May 24, 2011 — -- Chicago resident David Headley testified today that he was pleased with the results of the November 2008 Mumbai attacks that killed 164 people, including six Americans.
Headley is the government's star witness at the trial of Tahawwur Rana who is charged with providing material support to Lashkar-e-Tayyiba, the terrorist group behind the attacks. Rana allegedly supported Headley's operational planning for the attacks by letting him use his immigration business as a front for Headley's time in Mumbai.
Headley, who himself faces a lifetime prison term, pleaded guilty last year to conducting reconnaissance for the Mumbai attacks and planning attacks in Denmark.
Today in court, he described his last several months in Mumbai, and the final orders he received from his handler from Pakistan's intelligence agency, a man known only as Major Iqbal -- which he said provided help to the terrorists.

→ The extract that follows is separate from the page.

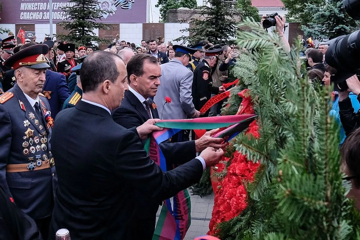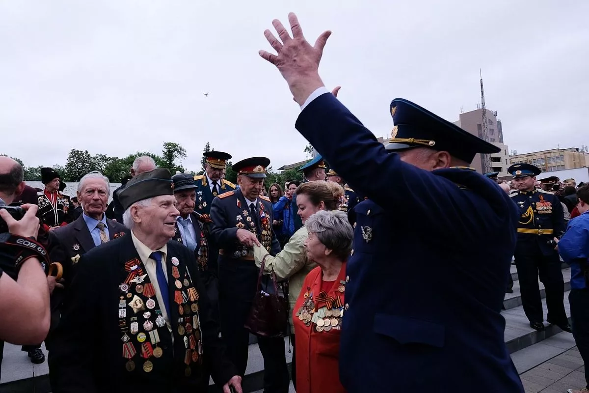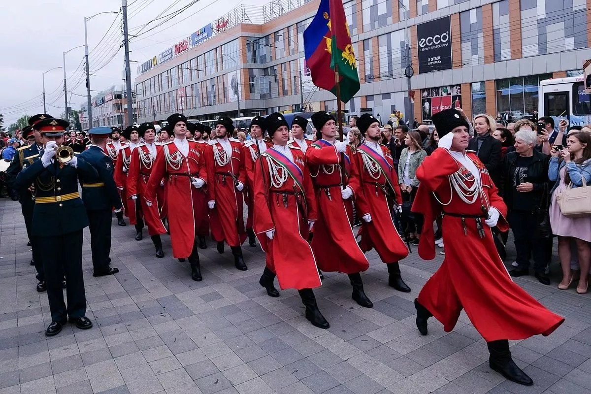 В 11.00 на Театральной площади началось торжественное прохождение войск Краснодарского территориального гарнизона, посвящённое 73-й годовщине Победы.

Headley said that in the final months before the attacks he was asked to conduct surveillance and mark on his GPS the location of the Chabad house, an Orthodox Jewish outreach center in Mumbai. Headley said that Major Iqbal was interested in attacking the Chabad House since Iqbal believed it was allegedly a front for the Mossad, Israel's intelligence service.

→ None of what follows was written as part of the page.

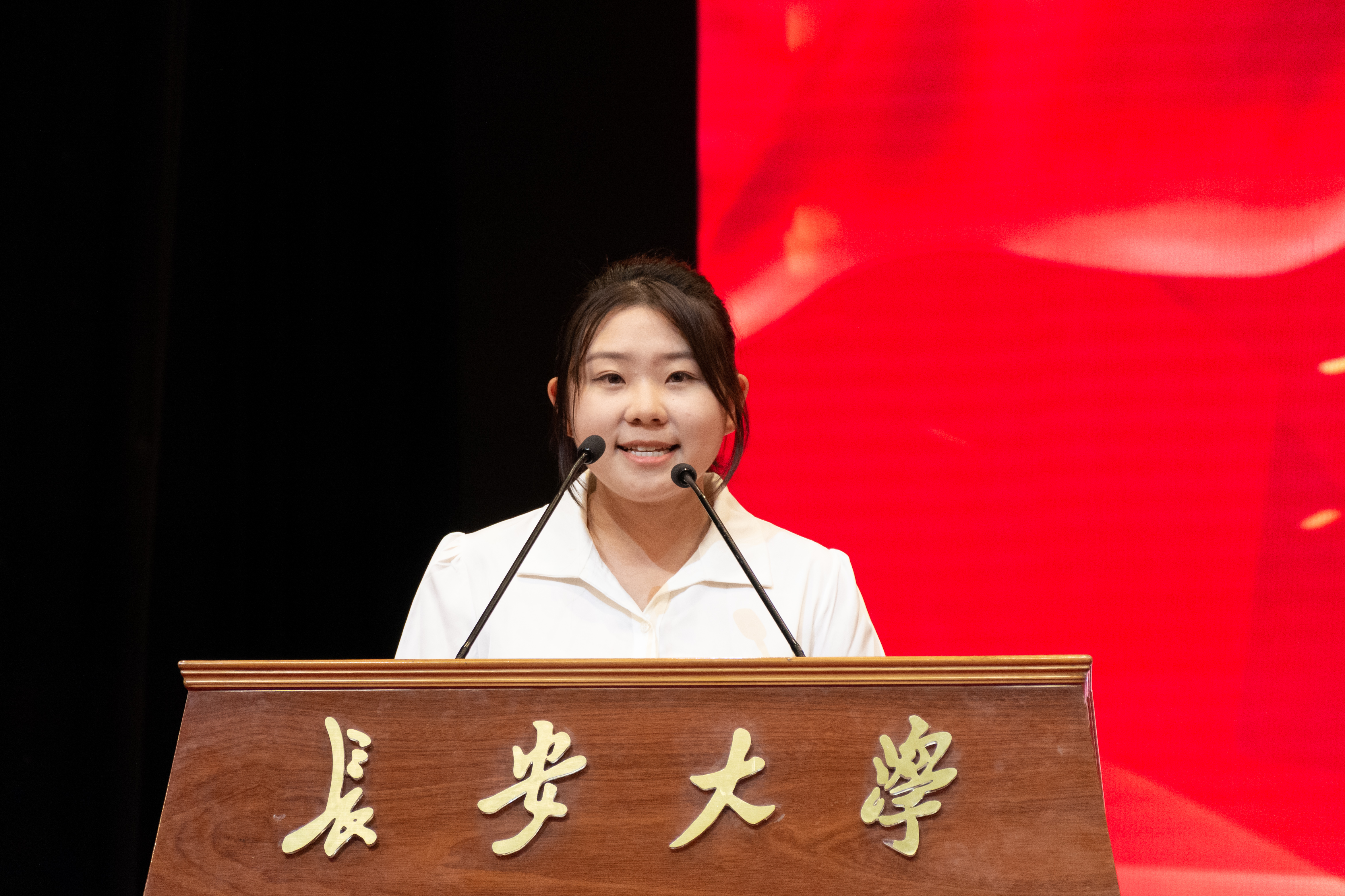 新生代表付美慧分享了自己与长安大学的结缘经历和入校以来的体会感受。她号召同学们要坚定理想信念,敢于担当作为,乐于吃苦奋斗,用优异成绩为校争光,用实际行动彰显青春风采。

During the attacks, Americans Gabriel Noah Holtzberg and his pregnant wife Rivka were killed by the Lashkar terrorists.
In his second day of testimony, Headley described how he received instructions to shoot surveillance films for the attackers to help them plan their routes. Headley also testified that he purchased traditional colorful bracelets worn by young boys and men in Mumbai so that the attackers would blend in.
Headley said that the Chabad house was difficult to locate since it was at the end of a narrow alley where his GPS could not receive a signal.

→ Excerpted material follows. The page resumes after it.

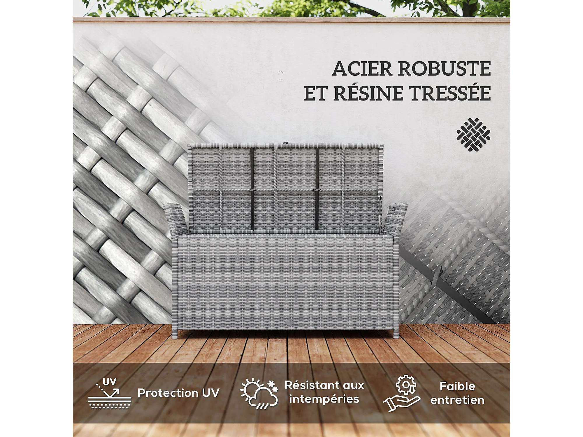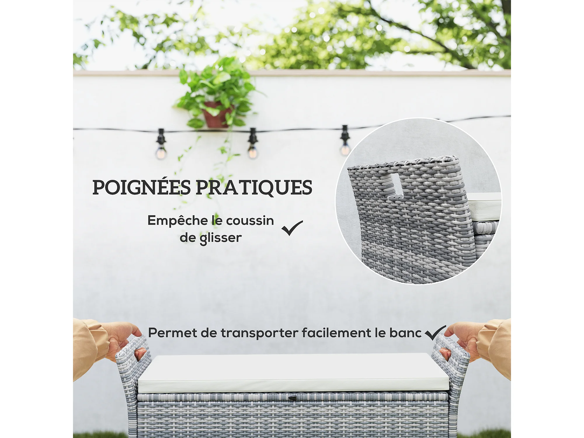 Coffre de jardin en résine tressée avec poignées et coussin déhoussable dim. 125 x 55 x 70 cm gris

Major Iqbal was apparently upset that the Mumbai airport was not being considered as a possible target by the attackers, according to Headley's testimony. Headley also said that Iqbal wanted Headley to scout the Indian Naval Air Station in Mumbai as well.
"He was really keen on that" Headley testified.
In September 2008, Headley said that the planners for the attacks decided they would use what Headley called a "stronghold option" to barricade themselves in the hotels and fight to the death instead of trying to escape from Mumbai.
Headley testified about Abu Qahafa, one of the planners of the attack: "Abu Qahafa said if they knew they would leave, they would not fight as well."
It was during this time that it was decided the terrorist gunmen would use Indian cell phones to communicate with each other and their handlers.
Headley said he went to Pakistan to wait for word of the attacks. It was during this time that he said Lashkar members began to tell him about an attack on the Danish newspaper Jyllands Posten, retribution for a cartoon the paper printed, mocking the prophet Muhammad.
Headley said that at a November 9, 2008 meeting with Lashkar members he learned a first attempt to attack Mumbai failed when the boat carrying the terrorists ran aground and sank.
Asked by prosecutor Daniel Collins how he learned about the November 26, 2008 attacks in Mumbai, Headley said he received a text message telling him to turn on the TV.
Asked what he thought about the news coverage, Headley said in his monotone voice, "I was pleased."